Majoritariamente, as obras levadas para Chicago ou faziam parte do acervo da Escola Nacional de Belas Artes, ou pertenciam aos próprios artistas. Algumas poucas pertenciam ao Estado. Essa dinâmica pode ser verificada no Catalogue of the Brazilian Section at the World's Columbian Exposition, do qual reproduzimos a listagem das obras pertencentes ao Departamento K - Bellas Artes [cf. Documento].[14]

Averiguamos que Rodolpho Bernardelli, como responsável pelo Departamento de Belas Artes da Seção Brasileira, fez uma escolha bastante pessoal das obras expostas, privilegiando a si mesmo e aos professores e alunos da Escola, ainda que seja possível identificarmos alguma interferência por parte do governo. Entre as poucas esculturas expostas em Chicago, ao todo seis, cinco eram de Rodolpho Bernardelli. Compreendemos, desse modo, que o pedido do Ministério da Agricultura, para que estivessem presentes na exposição universal esculturas “desde o tempo de Luiz de Vasconcellos [Vice-Rei] até às bellas producções de Bernardelli”, só foi seguida à risca na sua última parte.

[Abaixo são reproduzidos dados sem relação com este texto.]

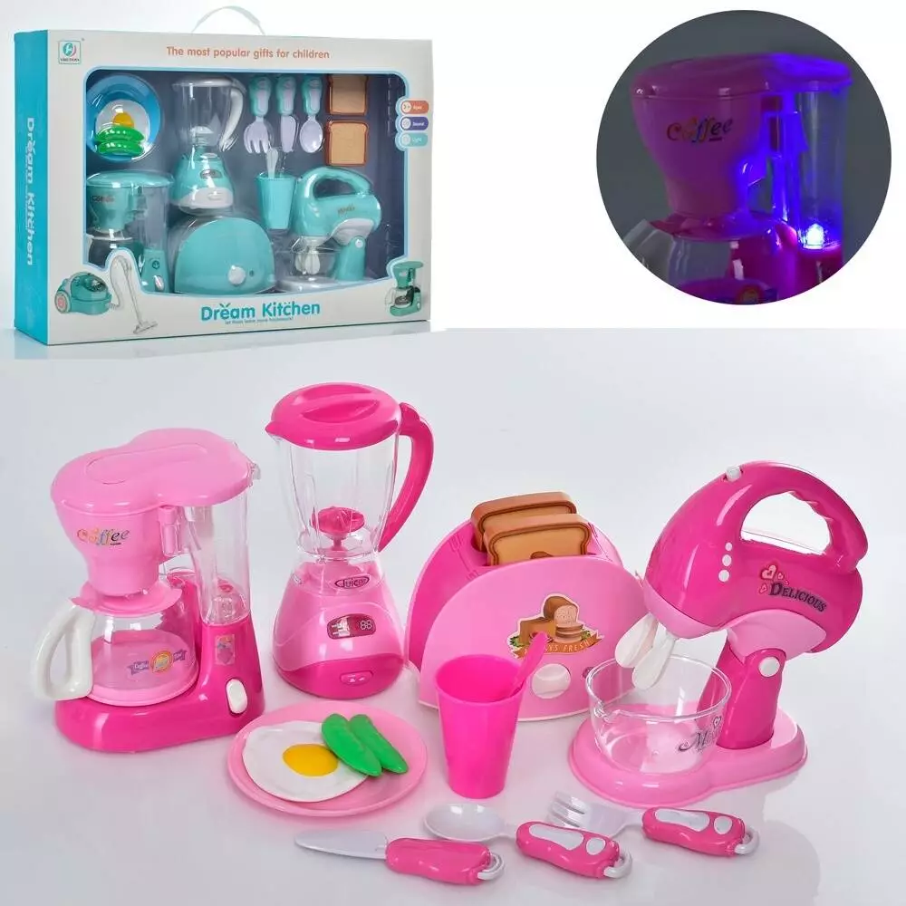 Фотография 1 товарной позиции интернет-магазина детских игрушек www.smarttoys.com.ua Набір побутової техніки YH189-9B-A кавоварка,міксер,тостер,2коль.,муз.,світ,бат.,кор.52,5-37,5-10,5.

Também pintores da geração anterior foram muito pouco privilegiados, como mencionado anteriormente. Somente Pedro Américo, Victor Meirelles e Agostinho José da Motta - aqueles incluídos na solicitação do Ministério da Agricultura - figuraram na exposição, com um número irrisório de telas.

Segundo o Catalogue of the Brazilian section at the World's Columbian Exposition, de Pedro Américo foi exposta a Proclamação da Independência do Brasil [Figura 4] [15], de Victor Meirelles foi exposta a Primeira Missa no Brasil [Figura 5] e de Agostinho da Motta foram expostas as telas Frutas do Brasil [Figura 6] [16] e Cabeça de homem velho. As três últimas obras pertencentes, segundo consta no catálogo, à Galeria Nacional das Bellas Artes, Rio de Janeiro.[17]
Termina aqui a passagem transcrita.